Nothing in this chapter shall be construed as prohibiting any individual, entity, or State or locality from purchasing separate supplemental abortion plan or coverage that includes abortion so long as such plan or cov­erage is paid for entirely using only funds not authorized or appropriated by federal law and such plan or coverage shall not be purchased using matching funds required for a federally subsidized program, including a State’s or locality’s contribution of Medicaid matching funds.

This section also prohibits government discrimination against individual and institutional health care providers.

(a) IN GENERAL. – No funds authorized or appropriated by federal law may be made available to a Federal agency or program, or to a State or local government, if such agency, program, or government subjects any institu­tional or individual health care entity to discrimination on the basis that the health care entity does not provide, pay for, provide coverage of, or refer for abortions.

(b) HEALTH CARE ENTITY DEFINED. – For purposes of this section, the term ‘health care entity’ includes an individual physician or other health care professional, a hospital, a provider-sponsored organization, a health maintenance organization, a health insurance plan, or any other kind of health care facility, organization, or plan.

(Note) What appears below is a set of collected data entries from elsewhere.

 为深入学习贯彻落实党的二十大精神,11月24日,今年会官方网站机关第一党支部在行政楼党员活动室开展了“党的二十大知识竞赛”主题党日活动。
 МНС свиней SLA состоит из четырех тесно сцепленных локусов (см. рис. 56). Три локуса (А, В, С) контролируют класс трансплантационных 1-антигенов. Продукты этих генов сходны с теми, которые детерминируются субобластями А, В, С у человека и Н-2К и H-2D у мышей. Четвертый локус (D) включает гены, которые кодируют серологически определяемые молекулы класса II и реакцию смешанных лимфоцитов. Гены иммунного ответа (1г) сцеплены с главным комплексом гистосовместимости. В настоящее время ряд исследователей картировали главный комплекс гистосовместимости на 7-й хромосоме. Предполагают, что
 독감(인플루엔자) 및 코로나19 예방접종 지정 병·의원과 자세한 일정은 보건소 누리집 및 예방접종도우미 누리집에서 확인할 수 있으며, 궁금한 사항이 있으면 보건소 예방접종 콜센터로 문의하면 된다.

In other words, if a doctor has a moral or religious objection to providing abortion services, he cannot be discriminated against at the federal, state, local level.

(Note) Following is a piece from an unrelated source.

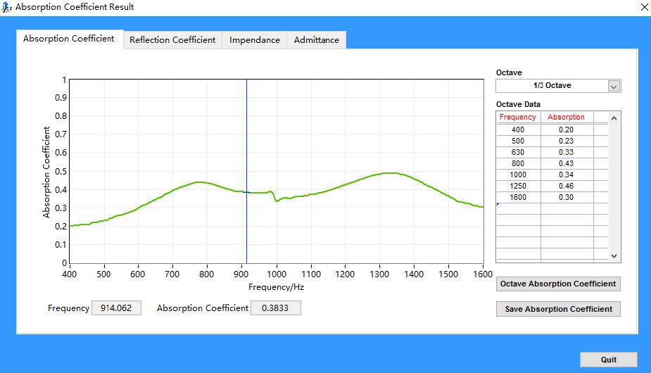 整套系統(tǒng)由阻抗管、高精度傳聲器、數(shù)據(jù)采集卡、電腦等組成。測(cè)試儀軟件根據(jù)測(cè)量到的峰聲級(jí)值和谷聲級(jí)值自動(dòng)計(jì)算出吸聲系數(shù),并能生成吸聲系數(shù)與頻率的坐標(biāo)曲線。儀器輸出信號(hào)的頻率和幅度在規(guī)定范圍內(nèi)可自由設(shè)定。由于只需少量的吸聲材料作試件,所以對(duì)于吸聲材料的參數(shù)研究和設(shè)計(jì)特別適合。

I have one question with this section. Are pharmacists covered as “health care professionals”?

Sections 603 and 604 improve enforcement of Medicare payment provisions and strengthen Medicare provider enrollment standards.

Section 605 establishes an expansion of the Medicare and Medicaid databases to track banned providers across state lines. Many providers, when they get into trouble in one state, simply move to another state to avoid the mess. This would no longer be possible under this provision of the Republican alternative to HR3962.

The Secretary of Health and Human Services shall provide for increased coordination between the Administrator of the Centers for Medicare & Medicaid Services (in this section referred to as ”CMS”) and its regional offices to ensure that pro­viders of services and suppliers that have operated in one State and are excluded from participation in the Medicare program are unable to begin operation and participation in the Medicare program in another State.

Division G

The remaining sections of the amendment cover the FDA approval process and expedites the way in which biosimilar drugs will be available on the market when an innovator’s product’s term of patent expires. This will allow quicker access to affordable medications and lower the cost of every health insurance plan that makes them available.

And with that, my review of the 219 page Republican amendment in the nature of a substitution to HR 3962 is complete. It’s short, it’s blunt, and it would do exactly what it says it will do, if it ever got the chance of reaching the House floor.

While many people will be disappointed that this amendment does not raise everyone’s taxes and it doesn’t place their children in a life of servitude to pay the costs of providing health care, this amendment does take some simple, positive steps to true health care reform in our country.

We don’t need a total overhaul of our health system (or our tax system for that matter), but our system does need a few tweaks. The items listed in the Republican amendment tweak our current system by reducing health coverage costs for every American, while reducing the federal deficit by doing so.

You can follow the progress of the Republican amendment (and read some scary reports on HR3962) at the GOP Health Care website.

Finally, we get a real start to the solution for health care reform, and Nancy Pelosi is going to bury it.